|Art by Sandro Castelli|
“The Creeping Influences” by Sonya Taaffe ( words)
This is a strange story that finds Roddy Mathews, a nonbinary laborer working on a peat bog in Ireland around the first half of the 1900s, helping to discover a body lost to time. Only not so lost, it turns out, as they and the men they’re working with have to figure out what to do and how to feel. It’s a situation that’s complicated by Roddy’s relationship with a married woman whose husband has gone away, perhaps for good. The conflict of the story for me arises mainly from the fear and hope and hesitation in Roddy. They face a world where they are not accepted, and it creates a sort of wall between them and everyone else, and the story is an exploration not really of the wall coming down, but of the shape of it and the flavor of it, the texture and pressure of it. It’s a sensual story with a thick, almost syrupy language and a flows like chill wind. The story does not avoid depicting the sex that Roddy and their lovers have, and really the differences in how Roddy is treated and how they treat their partners reveals a lot about the characters and about what I feel the story is trying to show. There are layers of hurt here, buried in the peat and forgotten, and the story drags them to the surface. Some of these hurts it exposes in order to try and heal, in order to set things right. But some of the hurts are exposed only to be buried again, which in its own way is right, too. There’s a refreshing lack of moral condemnation of Roddy or their lovers, and I love that about the story, as well as the sinking feel of it, and the hope that maybe there will come a time when pretenses can be dropped, that walls doors can be opened. For some people, in some situations. But that there can be connection and love and something achingly beautiful. It’s a lovely and wonderful story!
“En la Casa de Fantasmas” by Brian Holguin ( words)
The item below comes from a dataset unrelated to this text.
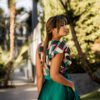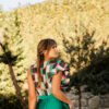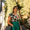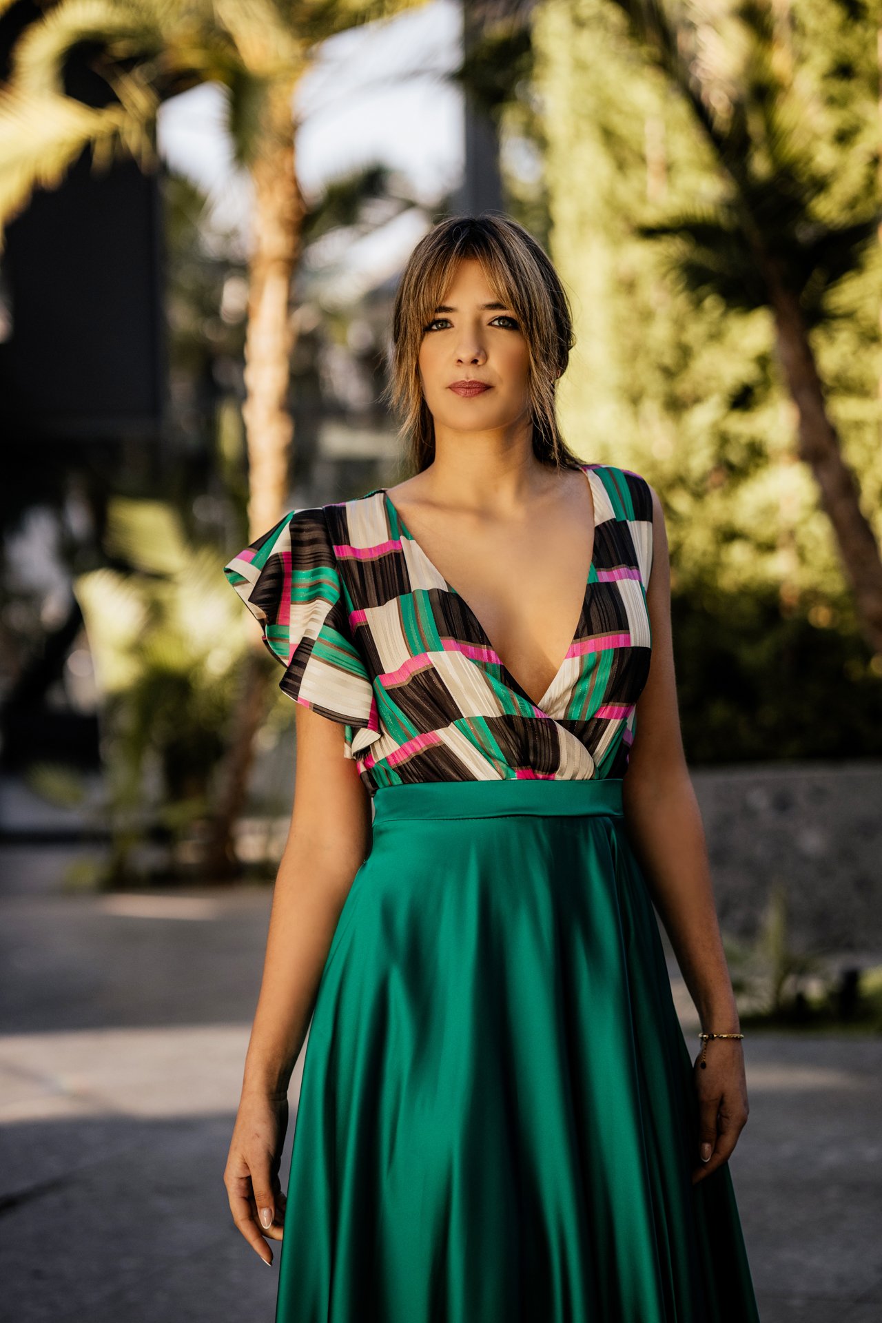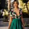 Com um corpo em tecido estampado que mistura tons de verde-esmeralda, rosa-fúchsia, preto e bege, apresenta um decote em V profundo e com um folho delicado, criando um efeito romântico e descontraído. A cintura marcada dá lugar a uma saia fluida em cetim verde com brilho subtil, que desliza graciosamente com o movimento. A abertura frontal na perna acrescenta ousadia na medida certa, equilibrando o look com sofisticação. Nas costas, o modelo fecha com fecho invisível e destaca-se pelas costas cobertas. Tem bolsos laterais e é totalmente forrado.

This is another strange story, and one that breaks its narrative across many layers, like the rooms of a doll house, peaking into each in turn, following first this character, then that. And really it’s a piece that also looks at the story of the story, centering on an old Bruja whose job it is to collect ghosts who have become too troublesome for the people living in the places they haunt. La Bruja is called in, and she cleanses the homes, and takes more with her than just the stack of money the owners leave for her. It’s a solemn job and one that has become mired in myth and fear. People have stories about La Bruja, about her powers, and for her part she doesn’t care to argue with them, letting them make space for her to work. Once the story establishes the scene, the lies, the tall tales, it then gives readers a look into what really happens, at the heart of the matter, the service she offers. It’s a sad and moving picture, the one shown, and it captures a lot about the idea not only of ghosts, but of dying with things undone. There is a feeling throughout of mistakes and about guilt, about the anchors that keep people clinging to the world even after their death. In some ways the story seems to be asking if the reader has so clean a conscience that they can judge the ghosts still holding on. And, beyond that, it challenges the way that people look at La Bruja, the way people fear her, asking where that fear comes from, and who it serves. To me, the story is about letting go of fear, of guilt, of embracing a world that is full of mystery and danger but not letting that rule over being true to yourself. The ghosts that linger seem to have died doing something they didn’t want to do, led into death by a desire to be seen as something other than who they were, and so for me the healing and release from guilt comes with acceptance, with feeling whole and complete. And it’s a weird but insightful story that lingers in the mind, haunting the quiet corners of thought. Definitely a piece to check out!